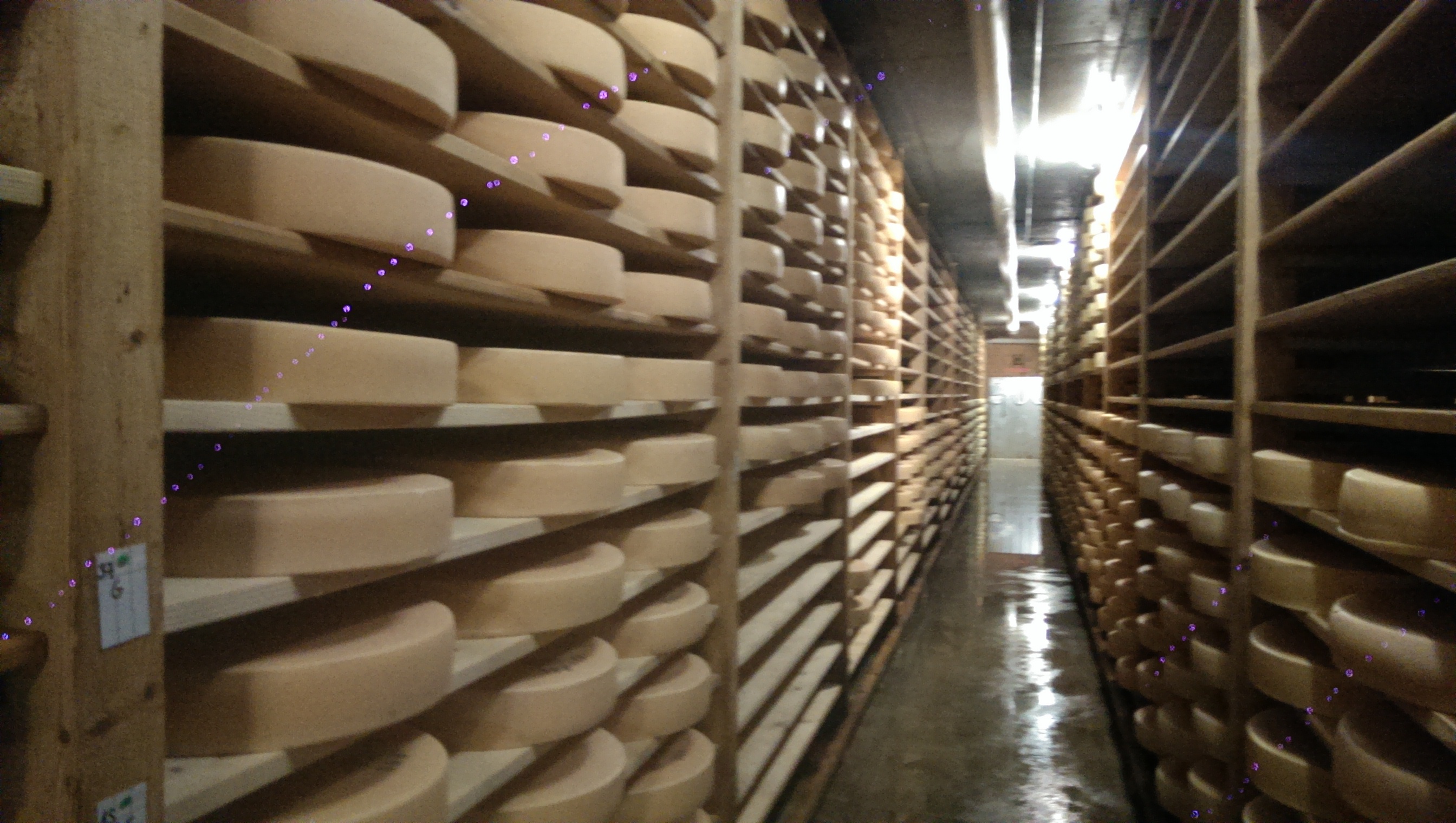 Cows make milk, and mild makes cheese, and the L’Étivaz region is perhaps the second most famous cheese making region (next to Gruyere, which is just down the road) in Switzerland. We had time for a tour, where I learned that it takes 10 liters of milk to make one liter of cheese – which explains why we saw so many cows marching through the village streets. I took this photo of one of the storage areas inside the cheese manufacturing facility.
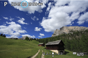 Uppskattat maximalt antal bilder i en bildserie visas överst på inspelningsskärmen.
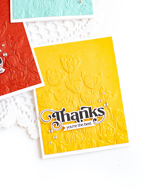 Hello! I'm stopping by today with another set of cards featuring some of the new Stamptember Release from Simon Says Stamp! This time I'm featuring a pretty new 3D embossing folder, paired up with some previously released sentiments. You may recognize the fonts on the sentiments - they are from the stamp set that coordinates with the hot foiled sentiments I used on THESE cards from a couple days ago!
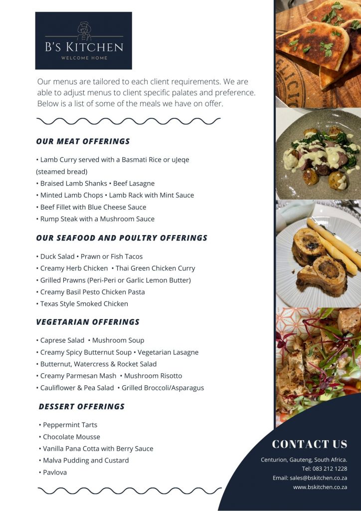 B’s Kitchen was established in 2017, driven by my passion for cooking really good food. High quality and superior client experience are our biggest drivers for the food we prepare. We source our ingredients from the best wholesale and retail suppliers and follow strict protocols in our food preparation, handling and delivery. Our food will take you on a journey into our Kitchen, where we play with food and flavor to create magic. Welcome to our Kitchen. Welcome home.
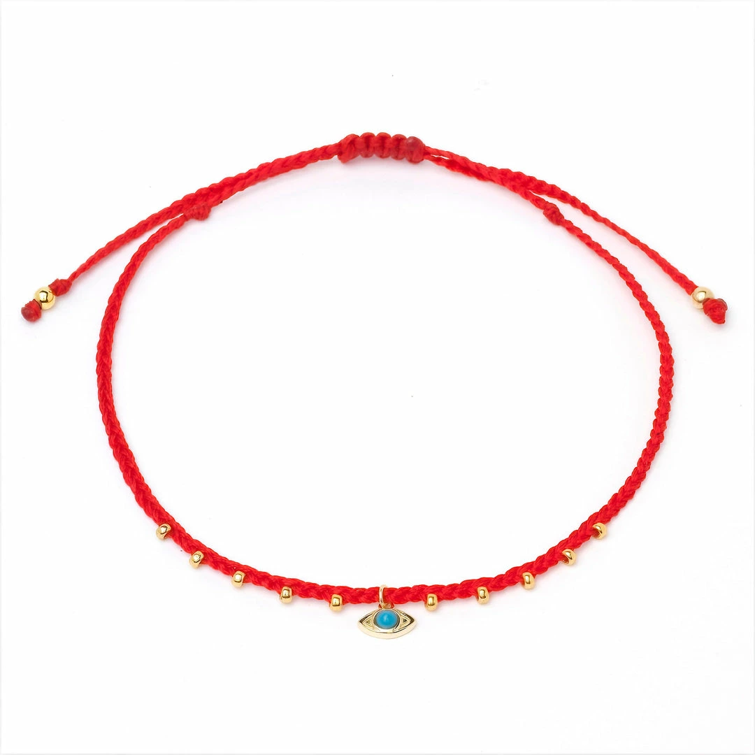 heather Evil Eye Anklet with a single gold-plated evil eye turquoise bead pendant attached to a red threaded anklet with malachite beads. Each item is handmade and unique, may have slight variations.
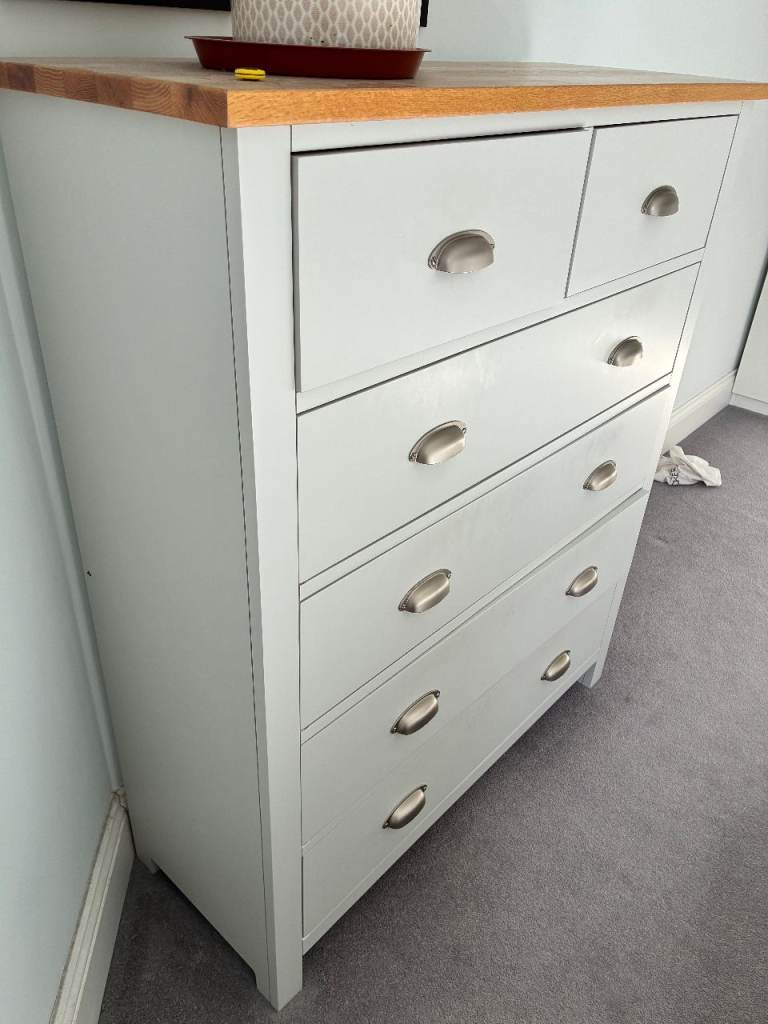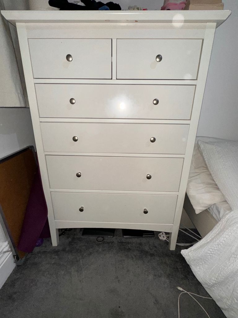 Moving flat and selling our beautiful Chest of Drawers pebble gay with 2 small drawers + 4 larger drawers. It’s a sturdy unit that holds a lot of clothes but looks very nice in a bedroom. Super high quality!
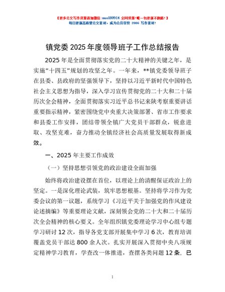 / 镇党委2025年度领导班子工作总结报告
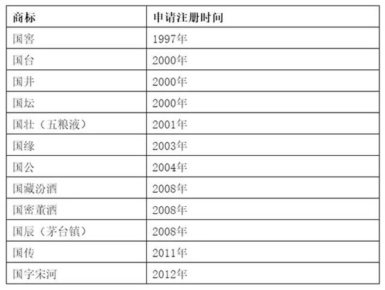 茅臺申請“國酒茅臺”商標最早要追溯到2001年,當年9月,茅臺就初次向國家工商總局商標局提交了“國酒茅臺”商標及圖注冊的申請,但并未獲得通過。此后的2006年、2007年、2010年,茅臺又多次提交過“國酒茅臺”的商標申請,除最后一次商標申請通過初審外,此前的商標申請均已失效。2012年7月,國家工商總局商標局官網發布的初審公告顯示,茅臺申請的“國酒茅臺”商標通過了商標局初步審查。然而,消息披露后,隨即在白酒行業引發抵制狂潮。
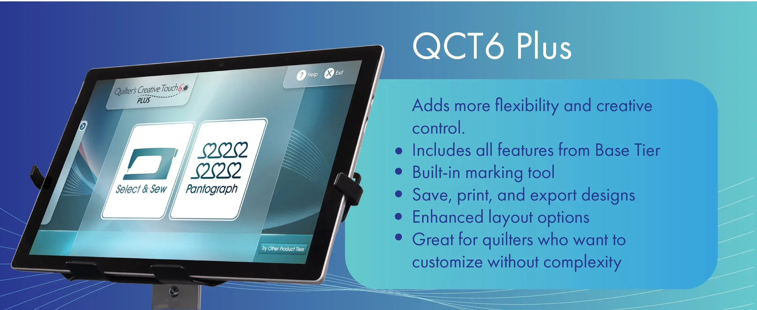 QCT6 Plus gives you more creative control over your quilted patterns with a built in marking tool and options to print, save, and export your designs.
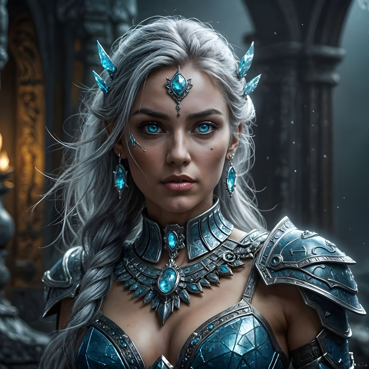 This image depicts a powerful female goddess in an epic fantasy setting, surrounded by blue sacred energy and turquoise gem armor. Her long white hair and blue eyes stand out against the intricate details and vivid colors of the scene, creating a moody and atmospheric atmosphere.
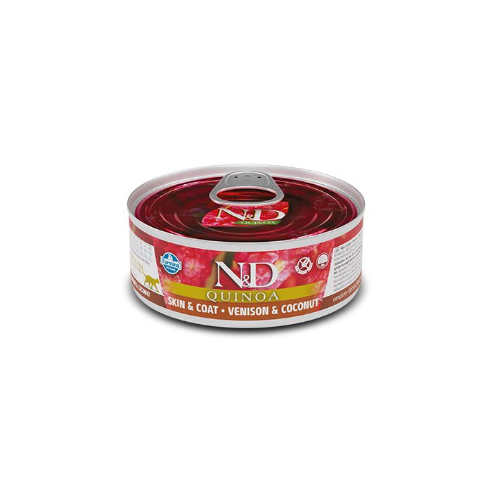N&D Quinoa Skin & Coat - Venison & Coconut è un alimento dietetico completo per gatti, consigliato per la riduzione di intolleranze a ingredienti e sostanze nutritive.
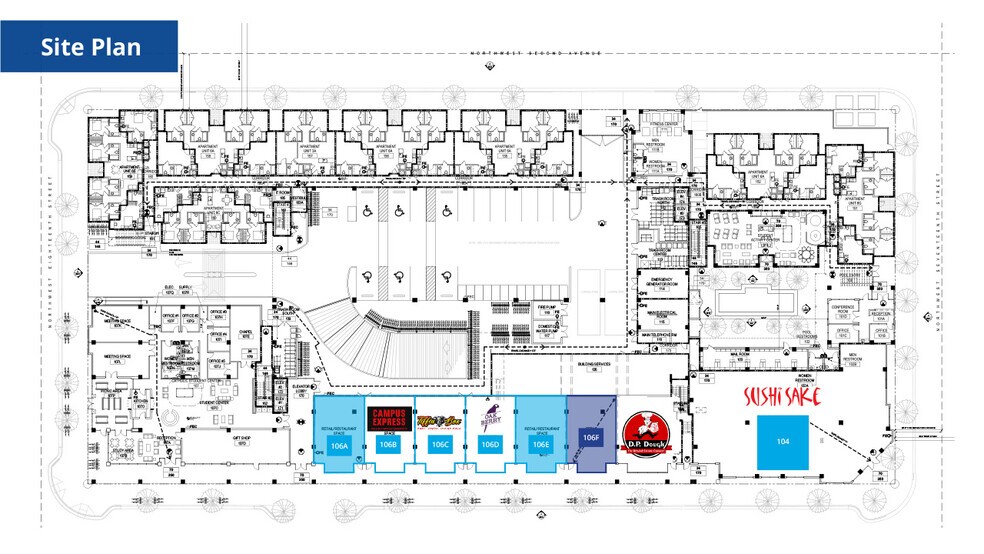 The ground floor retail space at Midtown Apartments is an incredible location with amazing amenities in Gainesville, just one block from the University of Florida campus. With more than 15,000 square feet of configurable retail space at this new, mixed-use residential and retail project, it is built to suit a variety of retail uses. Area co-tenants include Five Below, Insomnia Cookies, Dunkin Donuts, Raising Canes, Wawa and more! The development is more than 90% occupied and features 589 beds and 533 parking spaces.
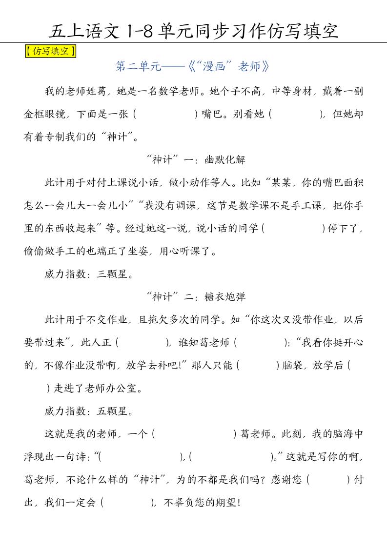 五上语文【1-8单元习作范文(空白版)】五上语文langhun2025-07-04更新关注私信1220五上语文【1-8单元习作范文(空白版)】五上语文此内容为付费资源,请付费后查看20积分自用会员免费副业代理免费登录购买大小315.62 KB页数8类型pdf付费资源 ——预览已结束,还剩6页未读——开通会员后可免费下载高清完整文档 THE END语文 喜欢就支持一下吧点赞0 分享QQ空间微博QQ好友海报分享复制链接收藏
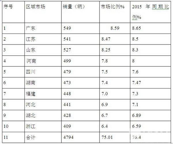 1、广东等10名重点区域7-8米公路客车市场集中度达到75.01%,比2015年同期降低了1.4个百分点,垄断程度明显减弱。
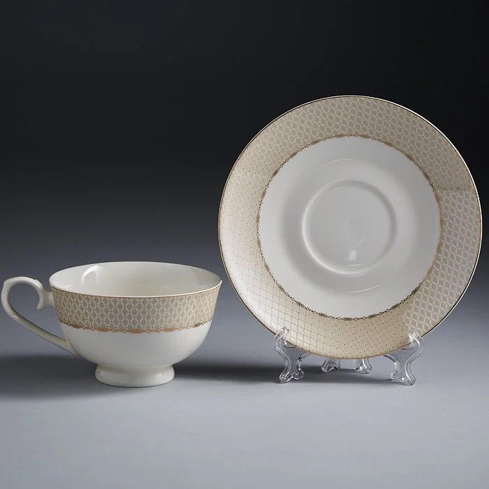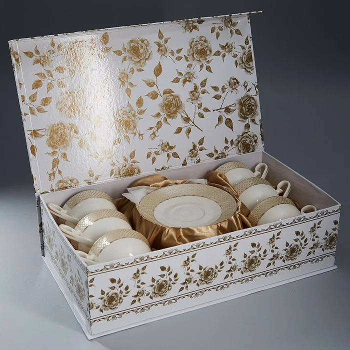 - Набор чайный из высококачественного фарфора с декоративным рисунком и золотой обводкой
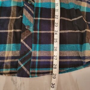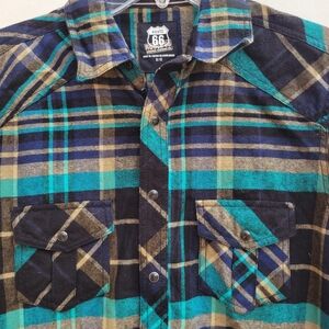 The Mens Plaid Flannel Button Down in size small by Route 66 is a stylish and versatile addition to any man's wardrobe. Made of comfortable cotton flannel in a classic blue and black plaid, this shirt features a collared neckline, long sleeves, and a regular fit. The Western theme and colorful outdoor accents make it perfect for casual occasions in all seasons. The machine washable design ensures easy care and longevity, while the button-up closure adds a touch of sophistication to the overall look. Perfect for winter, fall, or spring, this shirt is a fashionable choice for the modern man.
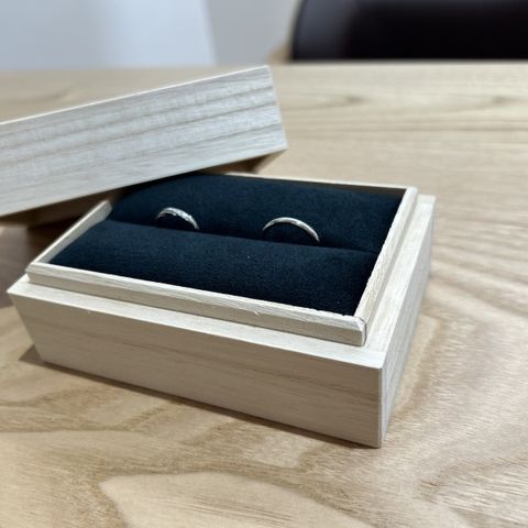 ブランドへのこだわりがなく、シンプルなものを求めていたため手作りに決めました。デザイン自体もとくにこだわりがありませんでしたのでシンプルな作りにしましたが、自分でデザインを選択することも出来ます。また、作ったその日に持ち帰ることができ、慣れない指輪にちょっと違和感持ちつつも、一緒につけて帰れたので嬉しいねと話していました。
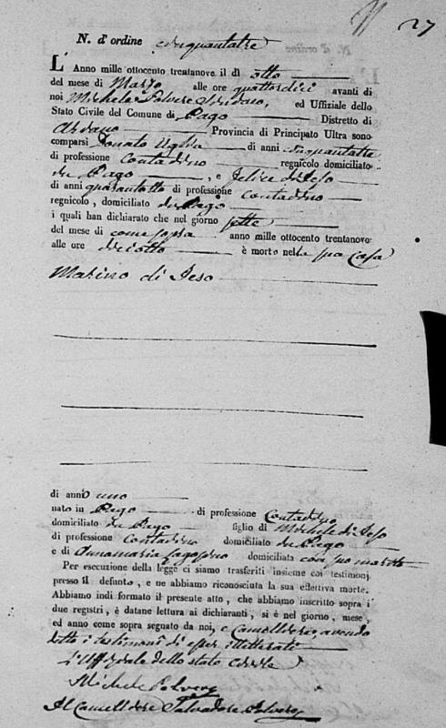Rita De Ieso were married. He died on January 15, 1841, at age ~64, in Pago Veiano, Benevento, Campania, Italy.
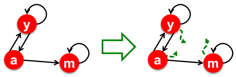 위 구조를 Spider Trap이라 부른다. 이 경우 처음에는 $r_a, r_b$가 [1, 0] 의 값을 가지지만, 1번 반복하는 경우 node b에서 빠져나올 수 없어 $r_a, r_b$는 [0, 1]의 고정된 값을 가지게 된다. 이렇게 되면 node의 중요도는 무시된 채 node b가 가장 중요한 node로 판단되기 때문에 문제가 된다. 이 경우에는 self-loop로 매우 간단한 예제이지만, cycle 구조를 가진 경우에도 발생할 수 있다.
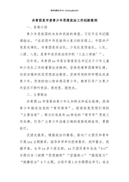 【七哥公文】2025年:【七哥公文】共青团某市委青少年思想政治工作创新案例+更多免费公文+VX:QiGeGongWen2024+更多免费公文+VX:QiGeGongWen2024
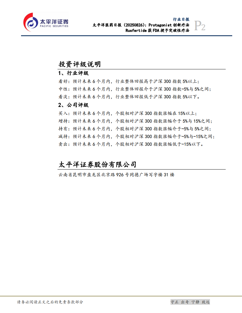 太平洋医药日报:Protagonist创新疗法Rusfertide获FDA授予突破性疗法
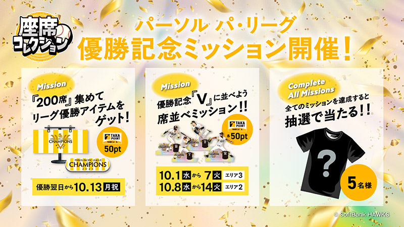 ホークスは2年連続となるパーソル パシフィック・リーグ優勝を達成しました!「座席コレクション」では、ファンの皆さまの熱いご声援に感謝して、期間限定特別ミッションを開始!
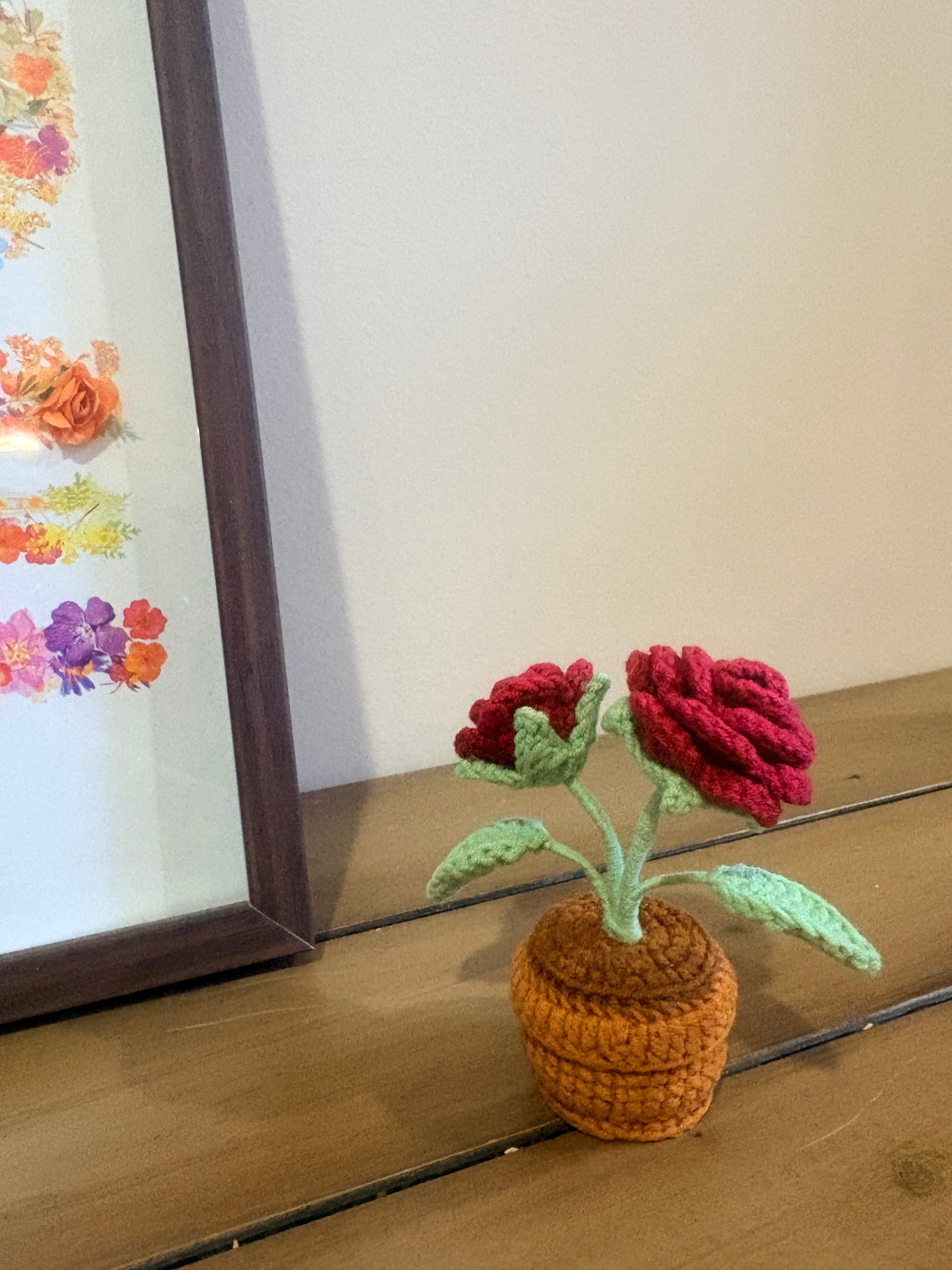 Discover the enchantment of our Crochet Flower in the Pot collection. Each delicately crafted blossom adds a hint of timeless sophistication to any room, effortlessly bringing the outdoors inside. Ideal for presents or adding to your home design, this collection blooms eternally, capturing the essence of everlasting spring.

- [WHAT YOU ARE ASKED TO DO]
Extract from the material above the stretch running from the line containing "heather Evil Eye" through the line containing "Moving flat and". Keep the text exact and the pictures out.

- [EXERCISE OUTPUT]
 heather Evil Eye Anklet with a single gold-plated evil eye turquoise bead pendant attached to a red threaded anklet with malachite beads. Each item is handmade and unique, may have slight variations.
 Moving flat and selling our beautiful Chest of Drawers pebble gay with 2 small drawers + 4 larger drawers. It’s a sturdy unit that holds a lot of clothes but looks very nice in a bedroom. Super high quality!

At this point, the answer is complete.